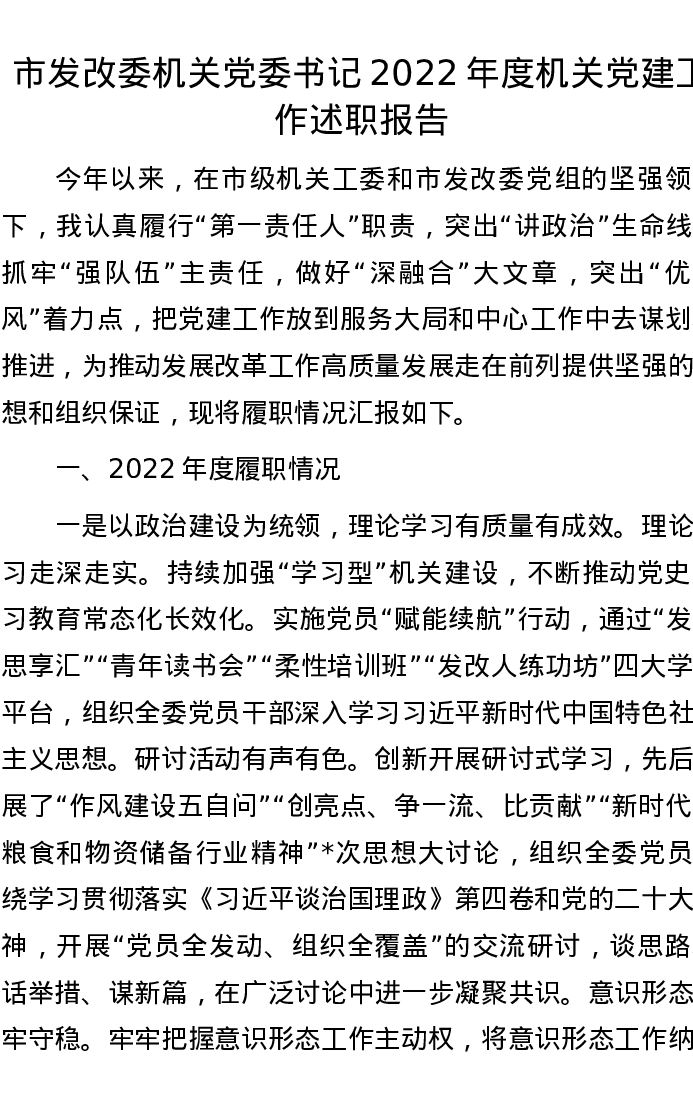 市发改委机关党委书记2022年度机关党建工作述职报告
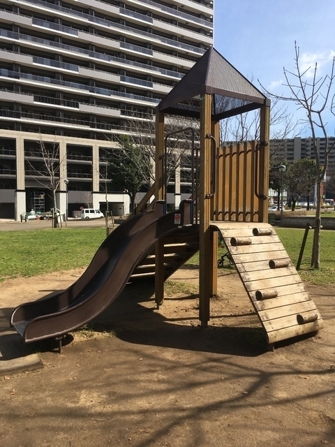 日当たりの良い公園で日光浴にはぴったりだと思います。遊具は1つしかありません。滑り台がちょっと急なので大人の人が付き添ってあげたほうがよいです。
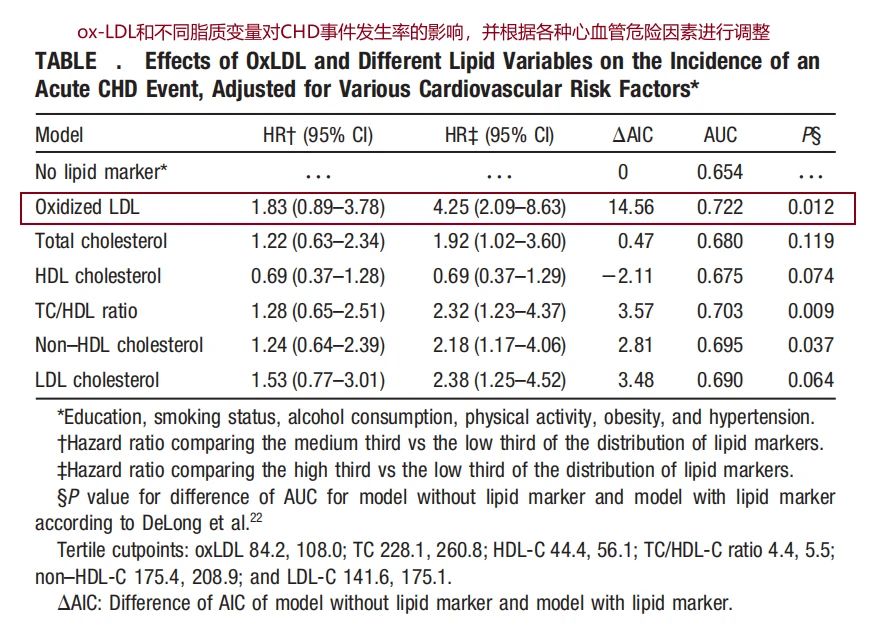 ②血漿中的循環ox-LDL是識別冠心病風險的一個有用的標志物。在同一模型中同時評估ox-LDL時,即使在調整了所有傳統心血管風險因素和TC/HDL-C比值(傳統血脂變量中最有力的風險預測因素之一)后,ox-LDL仍能預測未來的冠心病事件。
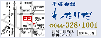 川崎市内に8カ所の斎場を展開し、長年に渡って地域密着の心のこもった「ご葬儀」を届けてきたセレモニアグループの「平安会館わたりだ」では、4月24日(日)、無料セミナー「知ってて安心葬儀の基本、使って安心”互助会”」を開く。時間は午前10時から正午まで。入退場自由。要予約30名。
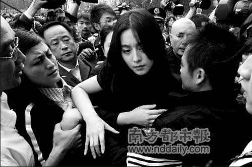 来为恩师送行的范冰冰、赵薇就没有那么幸运。据说,两人原本打算从正门进入,却接到提前到达的电影局副局长江平的电话,安排两人改从地下停车场或者侧门进入。等范冰冰到了侧门,发现人比正门还多,只好又绕到正门进入。有记者撰文称:“范冰冰先是被人群冲散,不得已而走了正门,冲过重重人群进入大厅,她的脸被挤得几乎变形,表情也极度痛苦。经纪人和司机为了保护她,差点和围观的拍照者打了起来,范冰冰见状忙大叫,‘不要打了!’”
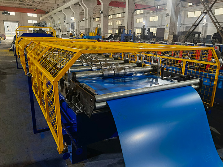 Through decoiling, continuous rolling and cold-forming, the coil sheets are automatically cut to the size and specification required. The stacking of finished panel can be also done automatically. It adopts PLC control, AC frequency and speed adjusting technology to realize continuous work automatically. The roll former is energy-saving and high-effective to be used for trapezoidal or corrugated steel.
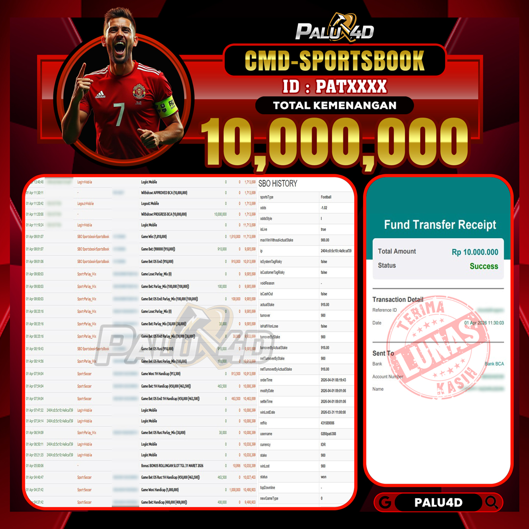 PALU4D – Selamat bagi pemenang yang mendapatkan jackpot hari ini 01 APRIL 2026 di game Sportbook TARUHAN BOLA yang di sediakan situs palu4d dan sudah kami bayar lunas. Berikut data pemenang hari ini yang kami proses dengan cepat ke rekening tujuan yang terdaftar di akun selama ±10 menit.

───

Everything in the preceding material must be transcribed exactly, except the images.

Problem solution:
 市发改委机关党委书记2022年度机关党建工作述职报告
 日当たりの良い公園で日光浴にはぴったりだと思います。遊具は1つしかありません。滑り台がちょっと急なので大人の人が付き添ってあげたほうがよいです。
 ②血漿中的循環ox-LDL是識別冠心病風險的一個有用的標志物。在同一模型中同時評估ox-LDL時,即使在調整了所有傳統心血管風險因素和TC/HDL-C比值(傳統血脂變量中最有力的風險預測因素之一)后,ox-LDL仍能預測未來的冠心病事件。
 川崎市内に8カ所の斎場を展開し、長年に渡って地域密着の心のこもった「ご葬儀」を届けてきたセレモニアグループの「平安会館わたりだ」では、4月24日(日)、無料セミナー「知ってて安心葬儀の基本、使って安心”互助会”」を開く。時間は午前10時から正午まで。入退場自由。要予約30名。
 来为恩师送行的范冰冰、赵薇就没有那么幸运。据说,两人原本打算从正门进入,却接到提前到达的电影局副局长江平的电话,安排两人改从地下停车场或者侧门进入。等范冰冰到了侧门,发现人比正门还多,只好又绕到正门进入。有记者撰文称:“范冰冰先是被人群冲散,不得已而走了正门,冲过重重人群进入大厅,她的脸被挤得几乎变形,表情也极度痛苦。经纪人和司机为了保护她,差点和围观的拍照者打了起来,范冰冰见状忙大叫,‘不要打了!’”
 Through decoiling, continuous rolling and cold-forming, the coil sheets are automatically cut to the size and specification required. The stacking of finished panel can be also done automatically. It adopts PLC control, AC frequency and speed adjusting technology to realize continuous work automatically. The roll former is energy-saving and high-effective to be used for trapezoidal or corrugated steel.
 PALU4D – Selamat bagi pemenang yang mendapatkan jackpot hari ini 01 APRIL 2026 di game Sportbook TARUHAN BOLA yang di sediakan situs palu4d dan sudah kami bayar lunas. Berikut data pemenang hari ini yang kami proses dengan cepat ke rekening tujuan yang terdaftar di akun selama ±10 menit.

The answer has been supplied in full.